Never use xitem() without item() after it.

> +NL()Outputs a random hex-encoded string of var(count) bytes by default. NL()
> +
> +
> +startitem()
> +item(tt(-c) var(count)) (
> +Sets the number of returned random data. Defaults to 8, unless -i, -L, or
> +-U is specified without -a, in which case the default is 1. var(count) must be
> +between 1 and 64.
> +)
> +item(tt(-r)) (
> +Returns the raw binary bytes rather than a hex-encoded string.
> +)
> +item(tt(-s) var(scalar)) (
> +Saves the random data in var(scalar) instead of printing it. It is an error to
> +use this with -i, -L, or -U with a count greater than 1.
> +)
> +item(tt(-a) var(array)) (
> +Saves the random data as an array var(array) of var(count) containing a
> +decimal representation of the integers LPAR()tt(-i), tt(-L), or tt(-U)RPAR()
> +or individual bytes.
> +)
> +item(tt(-i)) (
> +Produces var(count) 32-bit unsigned integers.
> +)
> +item(tt(-L) var(lower_bound)) (
> +Outputs var(count) integers between var(lower_bound) and var(upper_bound).
> +Defaults to 0.  var(lower_bound) can not be negative and the maximum value is
> +4,294,967,294.
> +)
> +item(tt(-U) var(upper_bound)) (
> +Outputs var(count) integers between var(lower_bound) and var(upper_bound).
> +Defaults to 4,294,967,295. This is the maximum value of var(upper_bound) and
> +the minimum is 1.
> +)
> +enditem()
> +enditem()
> +

I don't understand this API.

- Magic numbers:

  + Why should -c default to 8 in the "random bytes" case?  Why
    shouldn't it default to some other value, or even be required to be
    specified explicitly by the user?

  + Why should -c0 be an error?  It should be valid to request an array
    of 0 random numbers, just like, say, «yes | head -n 0».

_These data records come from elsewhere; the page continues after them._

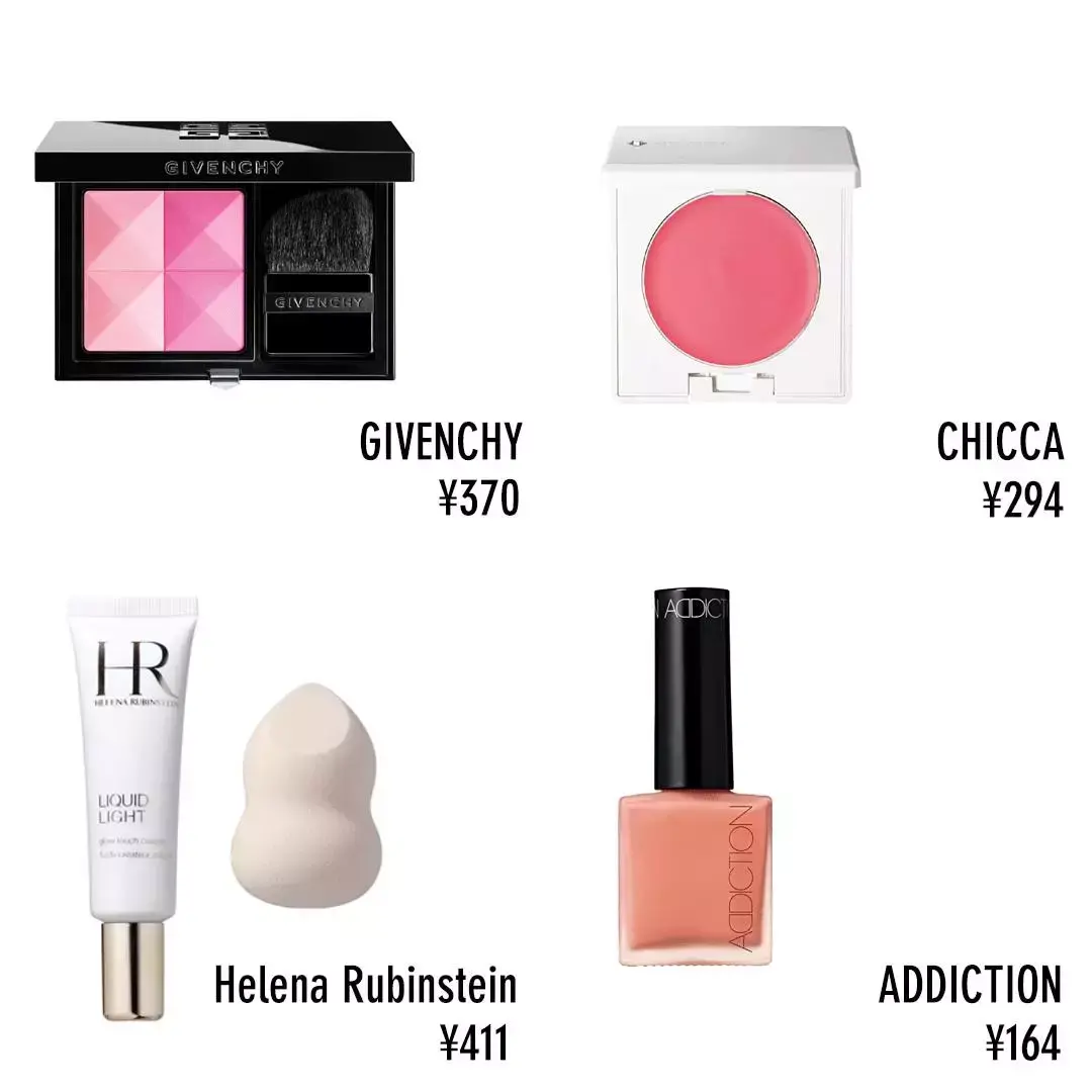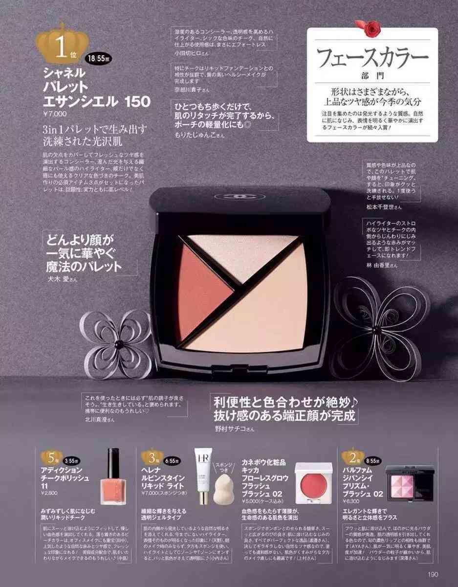 第二名Givenchy4色腮红02号,并列第三分别来自CHICCA的02号色腮红和赫莲娜的提亮液,第五名则被Addiction的液态腮红11号夺得。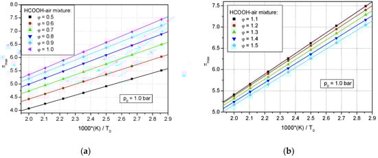 Variation of dimensionless adiabatic peak explosion pressures at p0 = 1.0 bar, in correlation with the reciprocal temperature of lean and stoichiometric formic acid–air mixtures: (a) lean and stoichiometric mixtures; (b) rich mixtures.
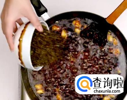 倒入豆豉,加一瓶白酒,不断混合底料,然后将煮透的葱段捞出。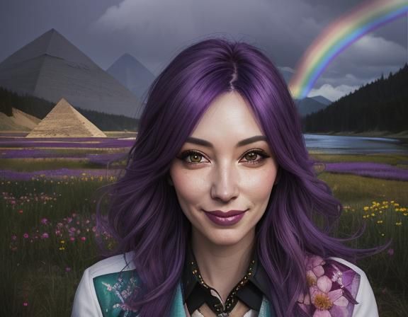 A vibrant portrait of a woman with purple hair, radiating a shining aura. The scene includes elements of nature and fantasy like a rainbow, moon, and pyramids in a colorful landscape.

  + Why should -c65 be an error?  (Saw your comment elsethread that you
    imagine that would suffice.  That's not a good reason for this limit.)

  + Why should -L$(( 2**32 - 1)) be an error?  I should be able to request
    a random integer in the range { x | 42 ≤ x ≤ 42 }.  It's perfectly
    well-defined.

- Why should -c's default depend on anything at all?  You mentioned
  downthread you consider making -c1 the default in all cases; that'd be
  better.

- The builtin can generate either integers or bytes.  Most of the API
  (the type of "returned random data" that -c deals with, the default
  number of those, validity of -L/-U, etc.) is split right along this
  line.  Shouldn't this become two separate builtins, then?  One for
  bytes and one for integers?

  (More on this below, at the end of the implementation review.)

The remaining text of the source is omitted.